Shaw has been doing ‘ upgrades’ in our area I was tuned into the CBC as we drove our daughter, Emma, to the school bus, but there was nothing on the case.
At just gone seven o’clock, I was still none the wiser — until I got a call from Jennifer at Shaw tech support telling me I was back online.
“Man, I’d love to see ol’ Crookes face this morning when he gets the decision”, said Logan going on .
“It should wipe the smug look off his face once and for all.
“He gambled the whole wad and came up craps. Here’s the link to the decision and now it’s safe to say, “CONGRATULATIONS TO JON and his lawyer who stood up for Freedom of Speech against a bully, who thought that he could say that linking to a story that put him in unfavorable light was the same as publishing.
For now, Wayne Crookes, wants me to pay him what will be, if he gets his way, an inordinate amount of money for something I haven’t done”, I wrote just after the hearing, continuing,
“Others of them, a panel of legal experts chosen for their wisdom and knowledge of Canada’s archaic defamation laws, were to decide if that’d happen.
The setting was the federal Supreme Court of Canada.
‘Awesome’ is a word much-over used in the 21st digital century. But in this instance, it can be accurately applied.
The presiding judges had an opportunity no Canadians have ever had before.– the awesome responsibility of confirming to the world, clearly and unequivocally, that Canada is somewhere people can speak their minds openly and without fear, as it’s said to be; or, they’ll allow Crookes to prevail, in which case they’ll bring a dark shroud down on Canada.
Black hole in CyberSpace
A while back, a mainstream media reporter asked me what the case meant to me.
“The ability to refer to something by linking to it is as fundamental to the Internet – to the newest media – as computers themselves”, I said among other things. “Without it, the net becomes a void — a black hole in CyberSpace.”
For millions of other Canadians the internet means freedom — freedom to communicate with each other, freedom to learn, freedom to share, freedom to explore, freedom to say what they want, when they want, without fear, I said.
And I truly believe that.
I’m a very ordinary person — a father with a wife and a daughter. And this is all about the rights of ordinary people.
Was I nervous at the hearing? Extremely. But I didn’t have a choice. I’ve been writing about freedom of speech for years and when Crookes demanded I take down a link to a link which linked to online posts which he claims defamed him, the only thing I could do was refuse.
And I’d do it again.
But having said that, I don’t believe my refusal amounts to anything special. It wasn’t a deliberate act of defiance initiated by me. The article in which the contested link featured was talking about freedom of speech. My refusal to remove the link sprang directly from my philosophy that information not only should be, but must be, freely shared.

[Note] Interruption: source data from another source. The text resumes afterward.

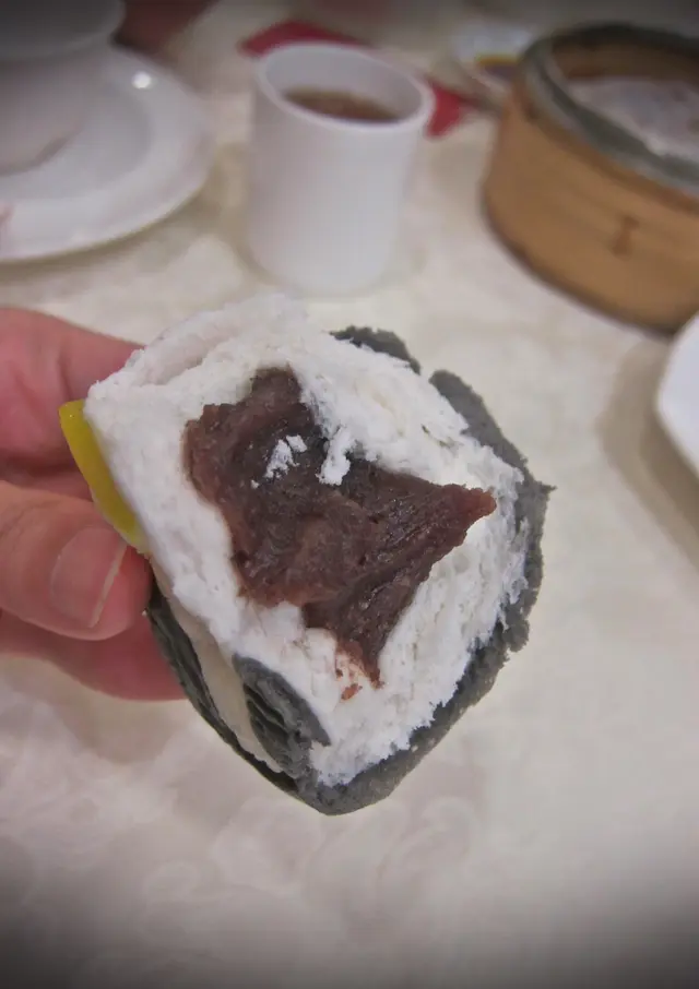 灰白的身子加上手腳和眼睛後, 動感盡現, 有點捨不得咬下去, 嗚…撕開鬆軟的外皮, 已見豐滿的豆沙饀, 固體狀可不是沒魅力啊! 包身彈性不俗, 一絲絲的組織, 不會濕得黏成一糰, 嚐出樸實的麵粉香, 配上綿滑的豆沙, 甜度適中, 充斥著豆香
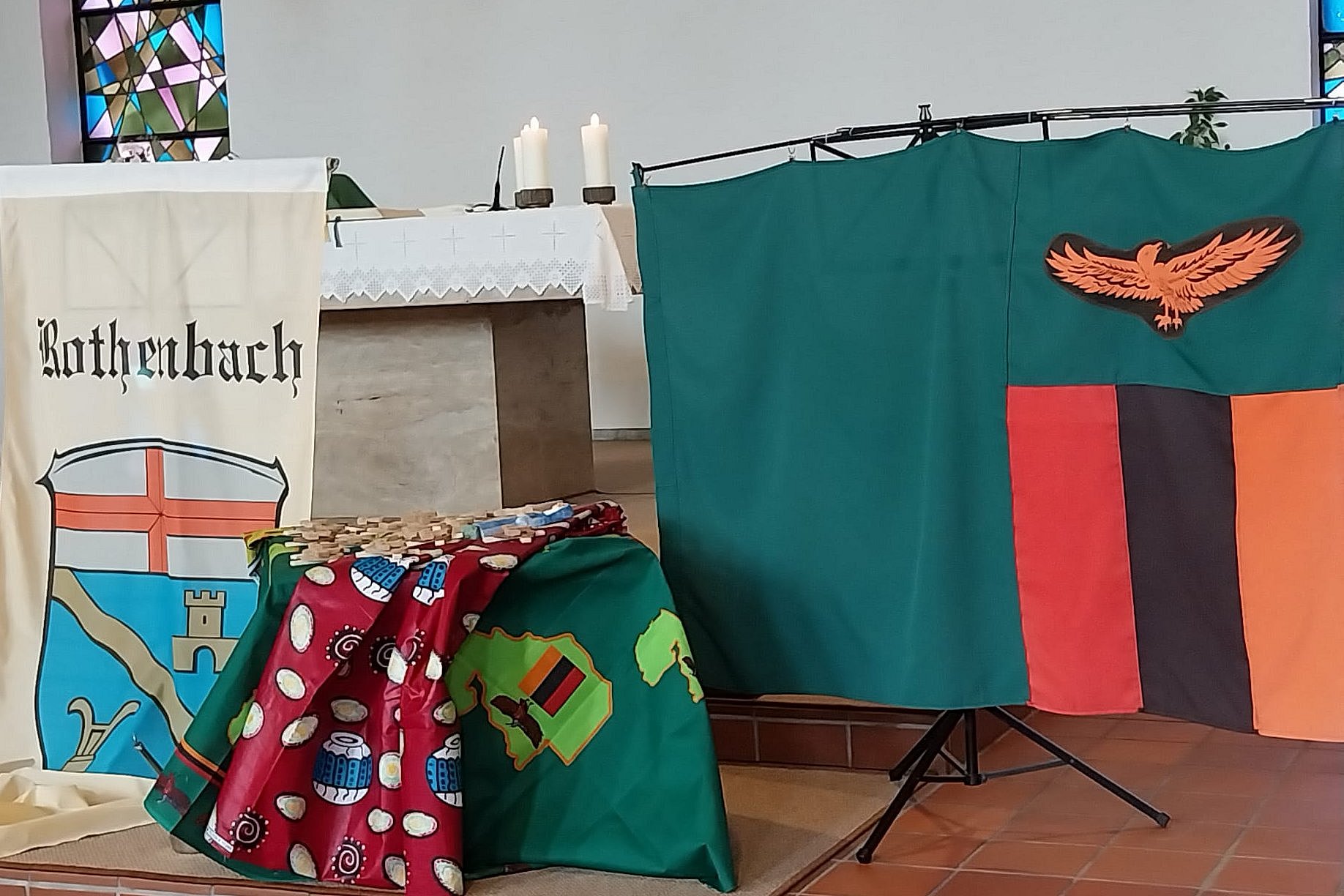 Neben Rothenbach unterhalten Neu-Ansbach, Flörsheim und Hadamar eine Partnerschaft mit dem Bistum Ndola in Sambia. Mit Geldspenden konnten Armenspeisung und Schulbildung finanziert werden. Darüber hinaus konnte eine Nähschule gegründet und ein landwirtschaftliches Projekt gefördert werden. Besuche des Sambiakreises nach Sambia sowie Gegenbesuche aus dem Partnerbistum Ndola in Sambia festigten die Partnerschaft. Gemeindemitglied Johannes Ruß aus Kölbingen absolvierte in unserer Partnerdiözese sein internationales freiwilliges soziales Jahr.
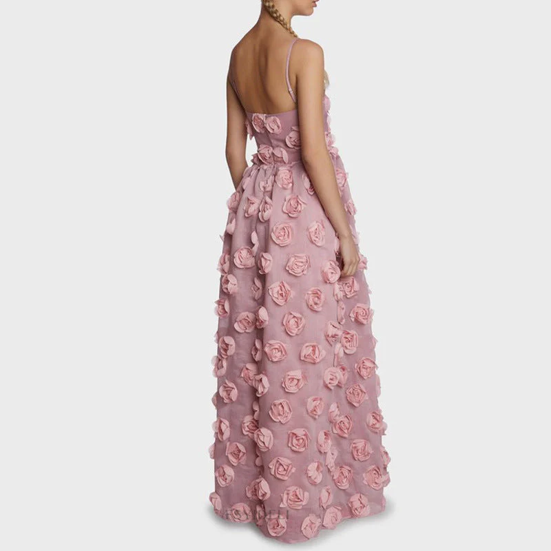 Heavy Industry Three Dimensional Rose Floral Strap Dress Backless Dress
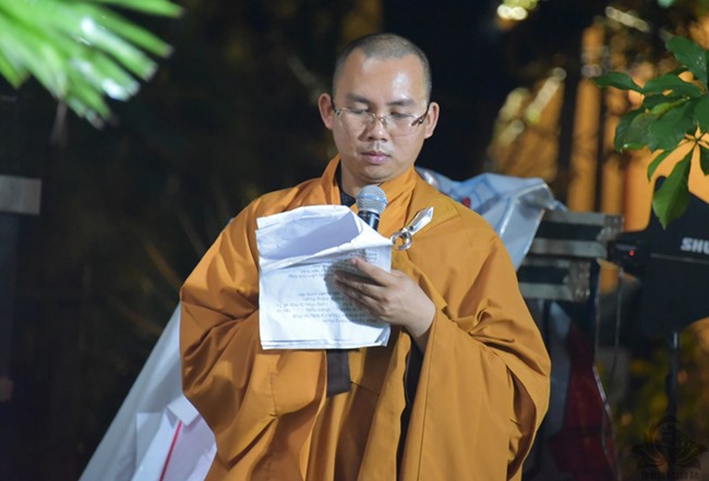 Thượng Tọa Thích Trí Chơn đã phát biều khai mạc thật xúc động trong đêm tưởng niệm. Thầy nói: Nghĩ nhớ đến người âm là một việc làm thiết thực, lo cho người âm là bổn phận của tất cả chúng ta. Bởi lẽ âm có siêu thì dương mới thới người âm có thanh thản an ổn ra đi thì người còn lại mới hạnh phúc được. Lễ cầu nguyện hôm nay cũng là tiếng chuông chánh niệm nhắc nhở người tham gia giao thông hãy cẩn trọng, tôn trọng tính mạng, tài sản của mình của người, của xã hội.
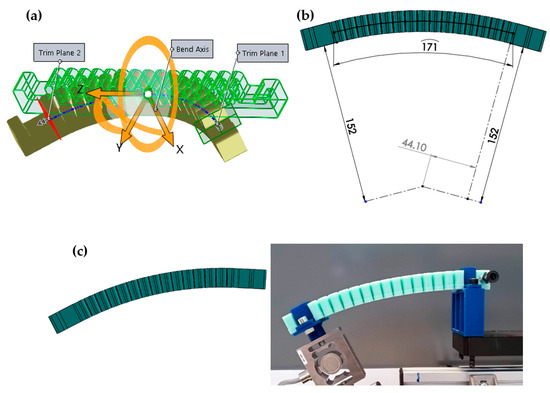 During the measurement, the bending angle varied from 0° to 50° in 10° increments, as a 50° sideways deflection is considered significant for wearable applications. The necessary data for proper positioning of the actuator was determined using the Flex feature of the SOLIDWORKS 2016 3D design program (Figure 10a).
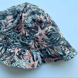 Sun hat made in India with a beach print featuring starfish, coral, seashells and other with a tie in the front
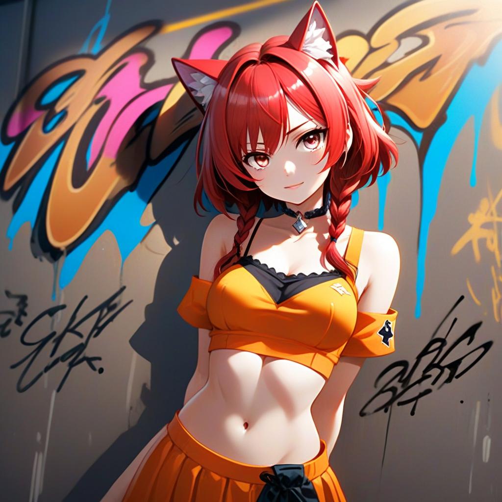 This vibrant digital illustration features a confident anime-style woman with striking red hair styled in twin braids and cat ears headband. She wears a trendy orange crop top and matching skirt, standing against a graffiti-covered wall that adds an urban street art vibe to the composition. The image combines elements of modern anime aesthetics with bold, dynamic colors and sharp shading techniques.
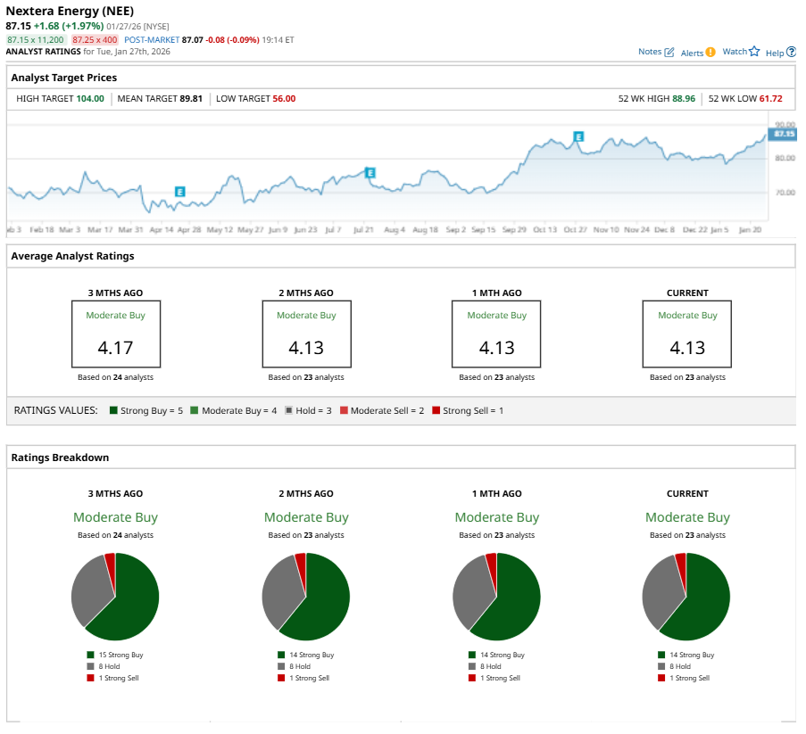 Among the 23 analysts covering NEE stock, the consensus is a “Moderate Buy.” That’s based on 14 “Strong Buy” ratings, eight “Holds,” and one “Strong Sell.”
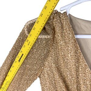 Altard State New With Tags Womens M Animal Print Ruffled Sheer Long Sleeve Tiered Faux Wrap Dress Boho Fully Lined

But I should also make it clear I believe in freedom of speech within commonly agreed bounds of decency and morality.
Meanwhile, I just happened to be the one Crookes targeted for linking — and only linking — among a flood of other defamation cases he’d launched.
Freedom to link
On December 8, I was in a room with more than just a few lawyers, many (most?) of them, representing corporations such as Google, eBay and Yahoo, They were there because, to be blunt, a decision in Crookes’ favourWould have had a potentially disastrous affect on the vast commercial interests which depend on free linking.
However, also present will be people who care about freedom of speech for itself, such as the Canadian Internet Policy and Public Interest Clinic (CIPPIC), Canadian Civil Liberties Association, BC Civil Liberties Association.
Arguing directly against Crookes’ legal representatives on my behalf and, by default, for you as well, will be my lawyer, Dan Burnett, a brilliant media specialist. And he’ll be doing that without pay.
For me, it was an experience I would definitely rather not Have had, and it weighed on me.
Will online freedom of speech survive in Canada?
Now we know.
Hyperlinking to allegedly defamatory material can’t be construed as publishing it, the Supreme Court has ruled.
I’ll publish the decision in full tomorrow.